EghtesadOnline: Lawmakers on Tuesday passed a number of measures related to the banking system and the National Development Fund of Iran while reviewing articles of the fiscal 2018-19 budget.
According to ICANA, the official news portal of the parliament, the first measure pertained to the process of NDFI making deposits with agent banks to be allocated in the form of loans as seen fit by the lenders.
A measure asserting that NDFI "is allowed to deposit 150 trillion rials ($3.06 billion) of its rial resources with agent banks at zero interest rate after gaining the approval of its board of trustees to be allocated as loans" was passed with 169 votes in favor from a total of 232 MPs.
Mohammad Reza Pour-Ebrahimi, the head of Majlis Economic Commission, proposed that new details be added to a previously approved measure that allowed banks to continue for another year their Central Bank of Iran-run scheme aimed at reducing the volume of non-performing loans by forgiving any fine and penalty on loans when the receiver returns the original amount, according to Financial Tribune.
Ratified by 136 MPs on Tuesday, only a total of 50 trillion rials ($1.02 billion) worth of loan penalties can be forgiven for every 100 trillion rials ($2.04 billion) of loans.
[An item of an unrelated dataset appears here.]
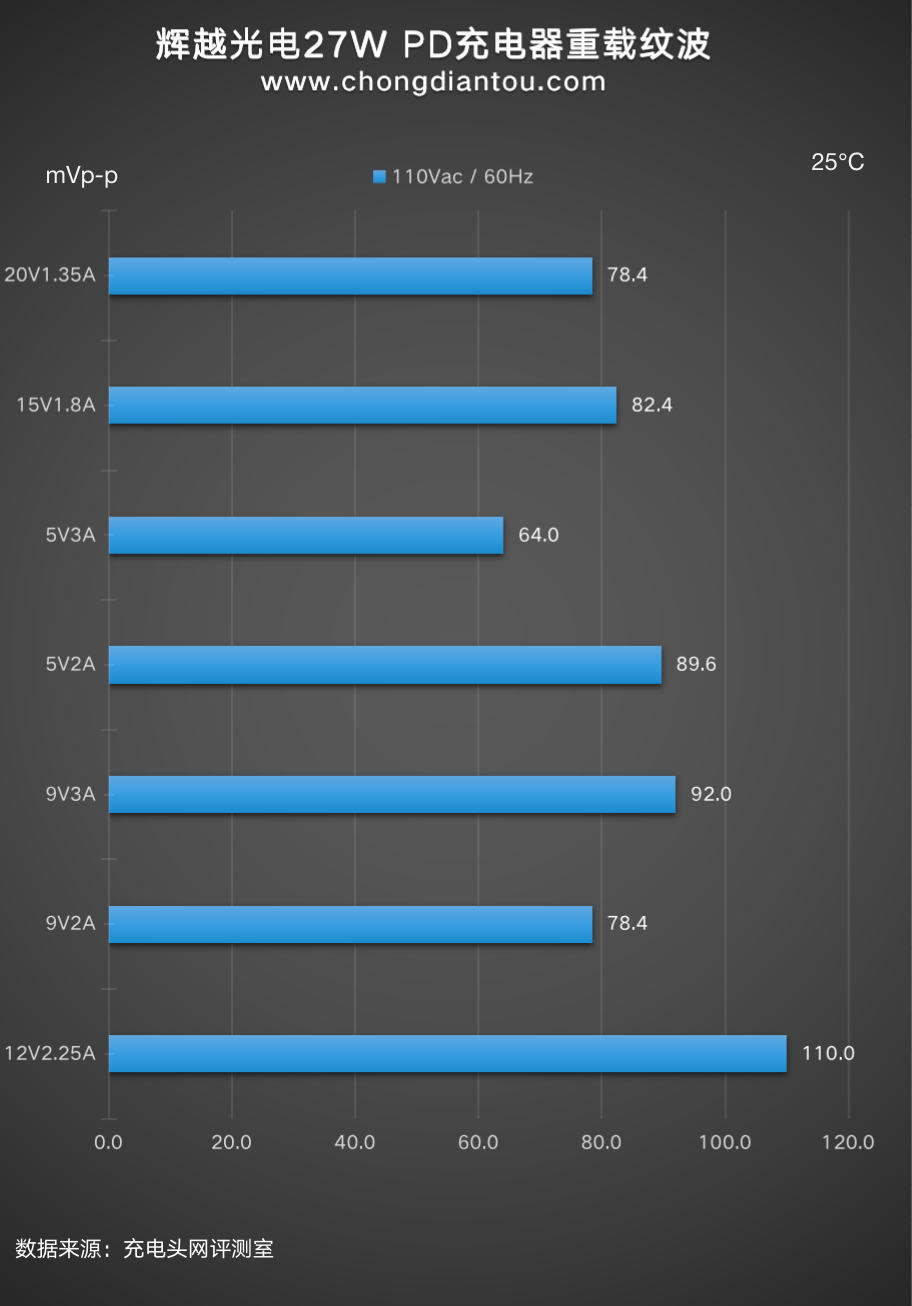 我们平时看充电器上面的参数输出100W或者65W是充电器可以为设备提供的最大输出功率,但充电器从插座上汲取的功率往往要更大一些,下面是辉越光电27W PD充电器在220V 50Hz和110V 60Hz交流输入的情况下分别进行了转换效率测试,测试结果如下:

Three banks are to receive capital buffers as part of the measure approved by lawmakers. Bank Maskan, the agent bank of the housing sector, is to have its capital boosted to 100 trillion rials while the government will be allowed to allocated a respective 20 trillion rials ($408.16 million) and 30 trillion rials ($612.24 million) from the resources of the Central Bank of Iran to increase the capital of the Export Development Bank of Iran and Bank Melli Iran, the nation's largest bank.
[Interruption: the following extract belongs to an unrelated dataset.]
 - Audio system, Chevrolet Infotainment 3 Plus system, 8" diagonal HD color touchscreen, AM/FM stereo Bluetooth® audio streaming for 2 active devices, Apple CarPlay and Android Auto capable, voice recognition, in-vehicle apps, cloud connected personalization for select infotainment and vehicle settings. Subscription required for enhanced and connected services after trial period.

Another measure aimed at encouraging manufacturers and clearing what is owed to banks and credit institutions was passed by 186 approving lawmakers.
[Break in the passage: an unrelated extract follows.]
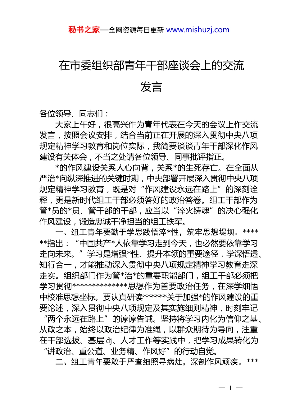 秘书之家—全网资源每日更新 www.mishuzj.com在市委组织部青年干部座谈会上的交流发言各位领导、同志们:大家上午好,很高兴作为青年代表在今天的会议上作交流发言,按照会议安排,结合当前正在开展的深入贯彻中央八项规定精神学习教育和岗位实际,我简要谈谈青年干部深化作风建设有关体会,不当之处请各位领导、同事批评指正。*的作风建设关系人心向背,关系*的生死存亡。在全面从严治*向纵深推进的关键时期,中央部署开展深入贯彻中央八项规定精神学习教育,既是对“作风建设永远在路上”的深刻诠释,更是新时代组工干部必须答好的政治答卷。组工干部作为管*员的*员、管干部的干部,应当以“淬火铸魂”的决心强化作风建设,锻造忠诚干净担当的组工铁军。一、组工青年要勤于学思践悟淬*性,筑牢思想堤坝。******指出:“中国共产*人依靠学习走到今天,也必然要依靠学习走向未来。”学习是增强*性、提升本领的重要途径,学深悟透、知行合一,才能推动深入贯彻中央八项规定精神学习教育走深走实。组织部门作为管*治*的重要职能部门,组工干部必须把学习贯彻**************思想作为首要政治任务,在深学细悟中校准思想坐标。要认真研读******关于加强*的作风建设的重要论述,深入贯彻中央八项规定及其实施细则精神,时刻牢记“两个永远在路上”的谆谆告诫。坚持将学习内化为信仰之基、从政之本,始终以政治纪律为准绳,以群众期待为导向,注重在干部选拔、基层 dj、人才工作等实践中,把学习成果转化为“讲政治、重公道、业务精、作风好”的行动自觉。二、组工青年要敢于严查细照寻病灶,深剖作风顽疾。***— 1 —秘书之家—全网资源每日更新 www.mishuzj.com***强调:“敢于直面问题、勇于修正错误,是我们*的显著特点和优势。”这为查摆问题提供了根本遵循。组工干部必须坚持问题导向,以正视问题的自觉和刀刃向内的勇气深挖细查作风顽疾。要聚焦“三个是否”深入检视,看服务基层时是否存在“衙门习气”,干部考察中是否存在“好人主义”,日常工作中是否存在“精致利己”,全面深入查找在落实中央八项规定及其实施细则精神方面的不足,注重剖析问题根源。唯有把自己、职责、工作摆进去,从思想深处查根源、从政治高度找不足,才能揪出“四风”新表现,破除“中梗阻”“微腐败”,避免“小问题”积累成“大隐患”。三、组工青年要坚持立行立改见真章,整治沉疴宿疾。深入贯彻中央八项规定精神,关键在“改”、要害在“实”。******强调,要以踏石留印、抓铁有痕的劲头抓下去,善始善终、善作善成,防止虎头蛇尾,让全*全体人民来监督,让人民群众不断看到实实在在的成效和变化。组工干部必须以“破釜沉舟”的决心推进集中整治,做到“当下改”与“长久立”相结合。在整改落实中,要突出“靶向治疗”,针对调研中的“走过场”问题,建立“带着问题去、揣着答案回”的闭环机制,让基层群众成为“阅卷人”;针对干部工作中的“唯分数唯资历”倾向,完善“日常考核+专项考核+民主测评”的立体评价体系,将严管厚爱贯穿干部选育管用全过程;针对形式主义、官僚主义新变种,通过精简会议文件、规范督查检查等为基层松绑减负。同时,注重从制度层面固化成果,将中央八项规定精神融入组织工作规章制度,建立“负面清单”、开展“作风体检”,推动组织部门成为“讲*性、重品行、作表率”的标杆。四、组工青年要善于问计于民强根基,检验作风成色。人民群众是*的执政之基、力量之源、胜利之本。******强调:“加强和改进*的作风建设,核心问题是保持*同人民群众的血肉联系。”组工干部践行中央八项规定精神,必须把“开门教— 2 —秘书之家—全网资源每日更新 www.mishuzj.com育”贯穿始终,将群众满意度作为“试金石”。要主动走出机关,深入基层问需于民,看干部选拔是否公道、基层*组织建设是否有力、人才政策制定是否精准。要把解决群众的急难愁盼作为干部考核的重要指标,让作风建设成果经得起历史和人民的检验。各位青年朋友,作为新时代青年干部,生逢伟大时代、肩负光荣使命,我们要深入学习贯彻******关于作风建设的重要论述和指示批示精神,以扎实作风埋头苦干、奋蹄争先...

It decrees that in the next fiscal year to March 2019, if clients of banks from the manufacturing sector clear their liabilities that have come to maturity by the end of the current fiscal year (ending March 20) by the end of the first half of the next fiscal year to Sept. 22, 2018, banks and credit institutions are obligated to receive the original amount and interest on their loans based on the original contract and forego any penalties.